Material for this exercise:

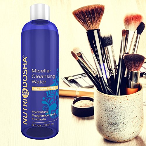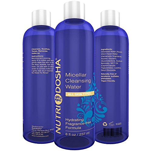Nutridosha Advanced Micellar Water No Rinse Facial Cleansing Water and Gentle Makeup Remover- 3 in 1 Hydrating Fragrance-free Formula. 8 OZ Value Size
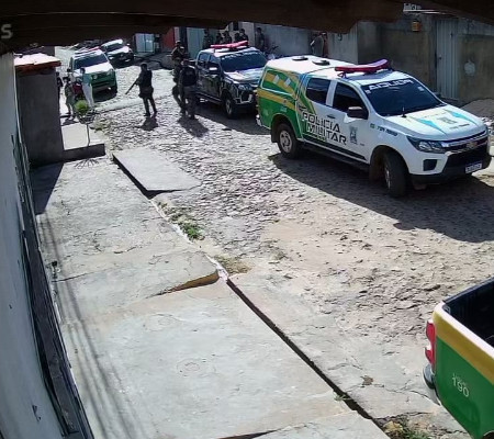 Imagens de câmeras de segurança mostram cerco da Polícia em frente à residência do acusado | FOTO: Reprodução
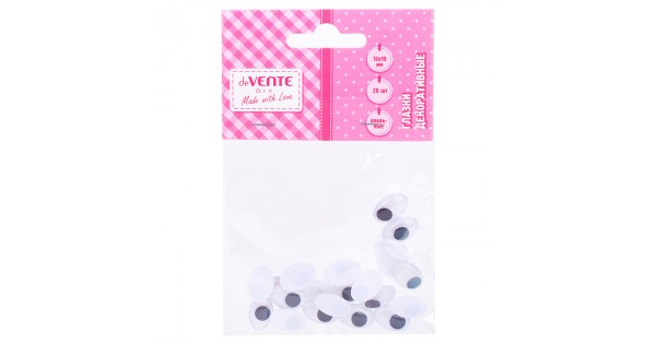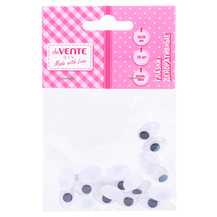 Глазки декоративные, овальные пластиковые, размер 15x10 мм, 20 шт в пластиковом пакете с блистерным подвесом
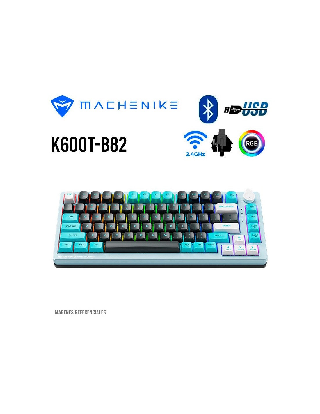 TECLADO GAMER MACHENIKE K600T-B82 BLUE ( K600T-B82 ) SWTICH SILVER LINEAR| LED RGB
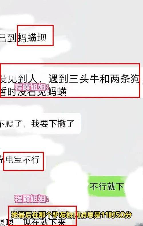 没过几个小时,快12点的时候,程霞又在驴友群里说,自己不爬了要下山,以为充电宝好像出问题了,自己手机也快没电了。

What the task requires:
Starting at the line with "Глазки декоративные, овальные" and stopping at the final line of the material, reproduce each line exactly, both ends included. Leave the pictures out.

Completed task:
 Глазки декоративные, овальные пластиковые, размер 15x10 мм, 20 шт в пластиковом пакете с блистерным подвесом
 TECLADO GAMER MACHENIKE K600T-B82 BLUE ( K600T-B82 ) SWTICH SILVER LINEAR| LED RGB
 没过几个小时,快12点的时候,程霞又在驴友群里说,自己不爬了要下山,以为充电宝好像出问题了,自己手机也快没电了。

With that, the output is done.